Your answer must match the records word for word and contain no pictures.

^^^^^^^^^^^^^^^^

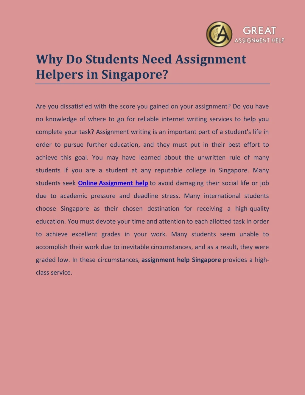 Why Do Students Need Assignment Helpers in Singapore? Are you dissatisfied with the score you gained on your assignment? Do you have no knowledge of where to go for reliable internet writing services to help you complete your task? Assignment writing is an important part of a student's life in order to pursue further education, and they must put in their best effort to achieve this goal. You may have learned about the unwritten rule of many students if you are a student at any reputable college in Singapore. Many students seek OnlineAssignment help to avoid damaging their social life or job due to academic pressure and deadline stress. Many international students choose Singapore as their chosen destination for receiving a high-quality education. You must devote your time and attention to each allotted task in order to achieve excellent grades in your work. Many students seem unable to accomplish their work due to inevitable circumstances, and as a result, they were graded low. In these circumstances, assignment help Singapore provides a high- class service.
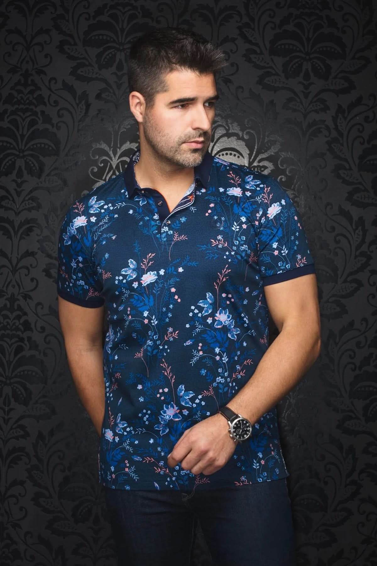 Polo fleuri pour homme sur fond marine, style audacieux et moderne, parfait pour le week-end.
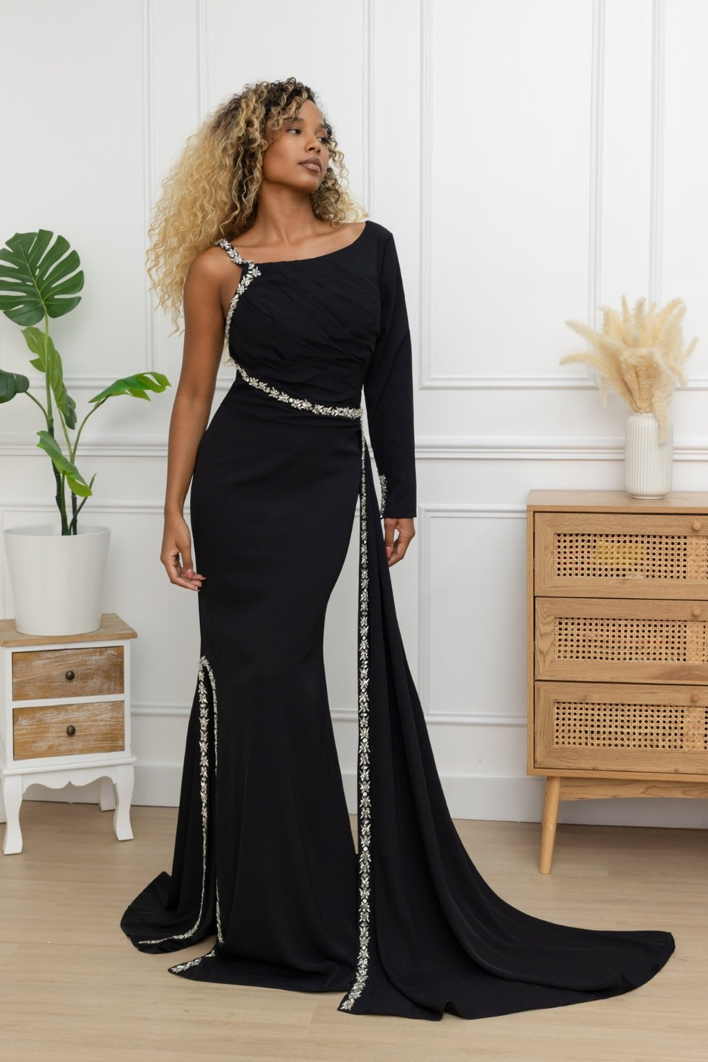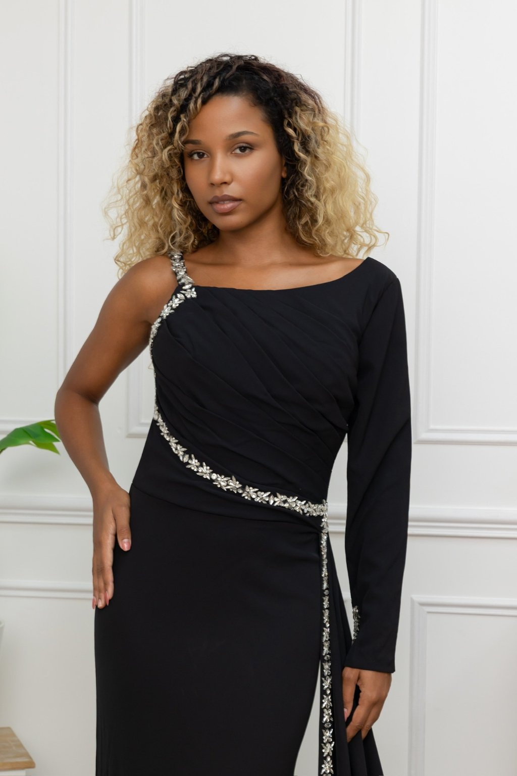 Tieto elegantné dlhé čierne spoločenské šaty s asymetrickým strihom zaujmú na prvý pohľad svojím jednoramenným vrchom a dlhým rukávom, ktorý vytvára moderný a zároveň sofistikovaný dojem. Strieborné výšivky a kamienkové detaily, ktoré lemujú rameno, pás a rozparok, dodávajú šatám luxusný charakter. Perfektná voľba na ples, galavečer, svadbu alebo formálnu udalosť, kde chcete pôsobiť výnimočne a štýlovo.
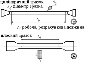 Необхідність знання якісних та кількісних характеристик механічних властивостей матеріалів припускається наступним. 1. Для побудови розрахункової теорії необхідно мати вихідні експериментальні дані, на основі яких можна побудувати теорію – це закон Гука. Основними характеристиками матеріалу при цьому є модуль пружності Е та коефіцієнт Пуассона m. 2. Для рішення практичних задач і виконання інженерних розрахунків вимагаються числові характеристики міцності та пластичності матеріалів. Для цього проводять випробування стандартних зразків з матеріалів на розтягання, стискання, руйнування, кручення, згинання, загин, визначення ударної в'язкості, визначення твердості, на витривалість та ін. Випробування на розтягання. Основним видом механічних випробувань є випробування на розтягання, тому що при цьому найбільш яскраво виявляються механічні властивості матеріалу. Саме при цьому випробуванні вдається одержати найбільш важливі характеристики матеріалів для розрахункової практики. Для випробування на розтягання використовують стандартні циліндричні зразки (рис.4.1а), що мають задане співвідношення розмірів (діаметра d0 та робочої довжини
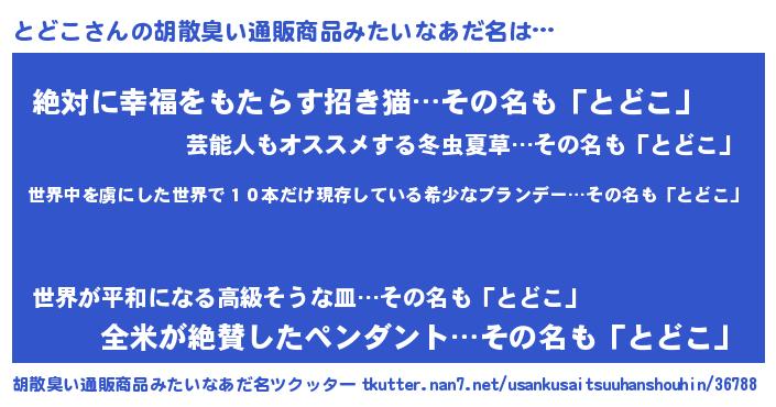 | 意味不明あだ名 | 『住所不定無職とどこ(74歳)』『自称とどこ』 |

^^^^^^^^^^^^^^^^

→ Answer section:
 Why Do Students Need Assignment Helpers in Singapore? Are you dissatisfied with the score you gained on your assignment? Do you have no knowledge of where to go for reliable internet writing services to help you complete your task? Assignment writing is an important part of a student's life in order to pursue further education, and they must put in their best effort to achieve this goal. You may have learned about the unwritten rule of many students if you are a student at any reputable college in Singapore. Many students seek OnlineAssignment help to avoid damaging their social life or job due to academic pressure and deadline stress. Many international students choose Singapore as their chosen destination for receiving a high-quality education. You must devote your time and attention to each allotted task in order to achieve excellent grades in your work. Many students seem unable to accomplish their work due to inevitable circumstances, and as a result, they were graded low. In these circumstances, assignment help Singapore provides a high- class service.
 Polo fleuri pour homme sur fond marine, style audacieux et moderne, parfait pour le week-end.
 Tieto elegantné dlhé čierne spoločenské šaty s asymetrickým strihom zaujmú na prvý pohľad svojím jednoramenným vrchom a dlhým rukávom, ktorý vytvára moderný a zároveň sofistikovaný dojem. Strieborné výšivky a kamienkové detaily, ktoré lemujú rameno, pás a rozparok, dodávajú šatám luxusný charakter. Perfektná voľba na ples, galavečer, svadbu alebo formálnu udalosť, kde chcete pôsobiť výnimočne a štýlovo.
 Необхідність знання якісних та кількісних характеристик механічних властивостей матеріалів припускається наступним. 1. Для побудови розрахункової теорії необхідно мати вихідні експериментальні дані, на основі яких можна побудувати теорію – це закон Гука. Основними характеристиками матеріалу при цьому є модуль пружності Е та коефіцієнт Пуассона m. 2. Для рішення практичних задач і виконання інженерних розрахунків вимагаються числові характеристики міцності та пластичності матеріалів. Для цього проводять випробування стандартних зразків з матеріалів на розтягання, стискання, руйнування, кручення, згинання, загин, визначення ударної в'язкості, визначення твердості, на витривалість та ін. Випробування на розтягання. Основним видом механічних випробувань є випробування на розтягання, тому що при цьому найбільш яскраво виявляються механічні властивості матеріалу. Саме при цьому випробуванні вдається одержати найбільш важливі характеристики матеріалів для розрахункової практики. Для випробування на розтягання використовують стандартні циліндричні зразки (рис.4.1а), що мають задане співвідношення розмірів (діаметра d0 та робочої довжини
 | 意味不明あだ名 | 『住所不定無職とどこ(74歳)』『自称とどこ』 |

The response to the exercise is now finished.